I deleted the domain account and simply renamed the server.  The domain prompted for an admin level account to do this and rebooted.

Don’t forget to move the host to the proper AD group if you use them.

Moral of the story: DNS/AD is both a friend and enemy. DNS pointed to the correct server but simple things would not work while other things like remote desktop did.  Well? Only because a previous problem prompted for a change in the negotiation level of RD.

It’s funny but I look back to my first AD design course and I remember the teacher repeating most AD problems are DNS related.

This could be caused by an outdated entry in the DNS cache.

Saturday, February 2nd, 2013

I was setting up a new server and when it came time to test a few things; I received this nice message when I tried Remote Desktop:

The connection cannot be completed because the remote computer 
that was reached is not the one you specified.

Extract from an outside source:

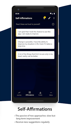 Security disclaimer: This application is only meant to support the user in their improvement, but they have to bring intrinsic motivation with them for this to work. It is not claimed that the app can do so through simple usage. The developer is not a professional doctor or psychiatrist; if you suffer from serious issues or depression, please visit a professional.

This could be caused
by an outdated entry in the DNS cache. Try using the IP address of 
the computer instead of the name.

I checked the cache and DNS and found it was in order. Remote desktop would work with the IP address.

This was one of two machines with the same setup and the configuration matched the other machine. I checked the Microsoft site and found this.

All you need to do is:

  1. Start > Administrative Tools > Remote Desktop Services > Remote Desktop Session Host Configuration.
  2. Look under Connections and Right-click the RDP listener (Connection name is RDP-Tcp) and select properties.
  3. Look in the security box where you should see the security layer is set to negotiate.
  4. Change it to RDP Security Layer via the drop down button.
  5. Click OK and close the Remote Desktop Session Host Configuration.

After that; Remote Desktop by hostname works.

I can’t explain why this happened on one of two identically configured systems. I could go back and hunt for a reason if I had time which I never do of course….

*update*

Well now. While working on another issue; I found the problem. The hostname was misspelled on the host. DNS and AD managed to give functionality but other things like simply mounting the C drive \\host\C$ failed giving the error “The target account name is incorrect” A quick delete of the domain record, a reboot and the problem is solved.

How to show hidden files in Windows 2008

Friday, January 11th, 2013

Every major release of an OS brings changes to the layout. Such is the case of showing hidden folders on server 2008.

To enable hidden folder:

  • Open the C drive and look to the left for the organize menu.
  • Click it and select Folder and search options
  • Click the View tab.
  • Click the circle for Show hidden files, folders, and drives.
  • Click OK

The hidden folders and files will now appear.